I’m not a huge chicken teriyaki fan, but I do like the combo of fresh vegetables and umami’ed up chicken in this one. Plus, it’s quick – you can make it on a weeknight.
2lbs boneless, skinless chicken thighs, cut into 1″ pieces
2T veg oil (not olive oil)
0.25c tamari (aka gluten-free soy sauce – use soy sauce if you’re not GF)
1T finely grated ginger
0.5t ground black pepper
3c cooked white rice
3 scallions, sliced thinly on the diagonal
3″ piece of cucumber cut into matchsticks
4t roasted sesame seeds
- Whisk 2T sake and cornstarch. Add chicken, toss to coat. Heat 1T oil in a 12″ skillet until shimmering. Add half of the chicken in a single layer and cooking without stirring until browned, about 3 minutes. Flip chicken, cook another 2 minutes. Transfer to bowl, repeat with remaining chicken.
- Return skillet to medium heat, add mirin, tamari, remaining 2T sake, and ginger. Bring to simmer and cook, stirring and scraping up brown bits until spoon drawn through leaves trail, about 5 minutes.

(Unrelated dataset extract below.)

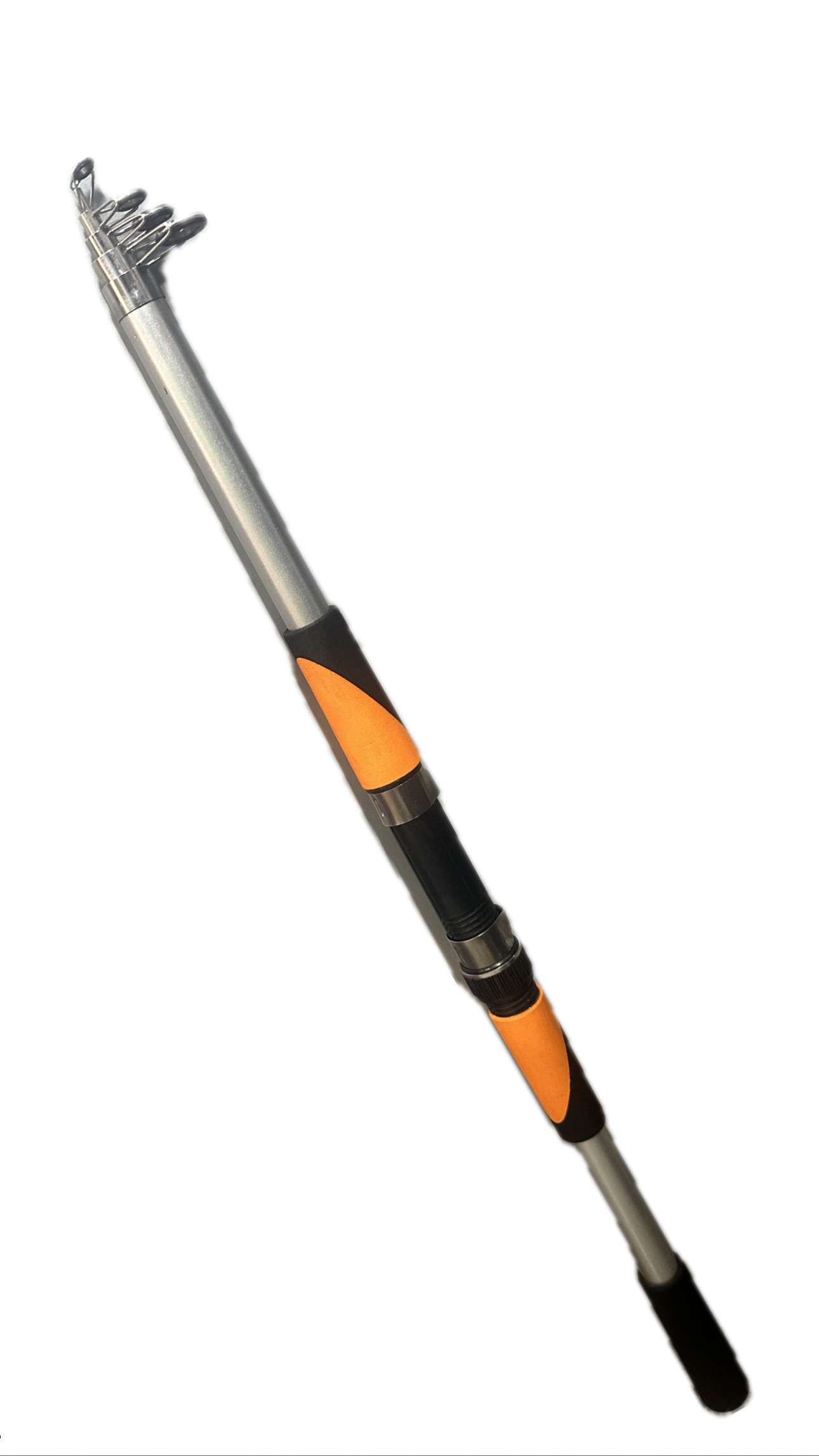 Kamışın genel gri rengi, profesyonel bir teknik ekipman görüntüsü verirken; sap kısmında kullanılan turuncu ve siyah desenler, ürüne sportif ve dikkat çekici bir hava katar. Teleskopik parçaların birleşim noktaları, yüksek basınç altında kayma veya dönme yapmayacak şekilde hassas işlenmiştir. Halkalar, sürtünmeyi minimize eden ve ısıya dayanıklı porselen iç yüzeylerle donatılmıştır.

- Return chicken and any accumulated juices to pan. Add pepper and cook, stirring until chicken is glazed, about 4 minutes. Season with additional tamari to taste. Divide rice amongst 4 bowls. Spoon chicken over rice, top with cucumber, scallions, and sesame seeds.
Recipe from Milk Street’s Tuesday Nights cookbook. It’s worth your while to pick this one up. Trust me.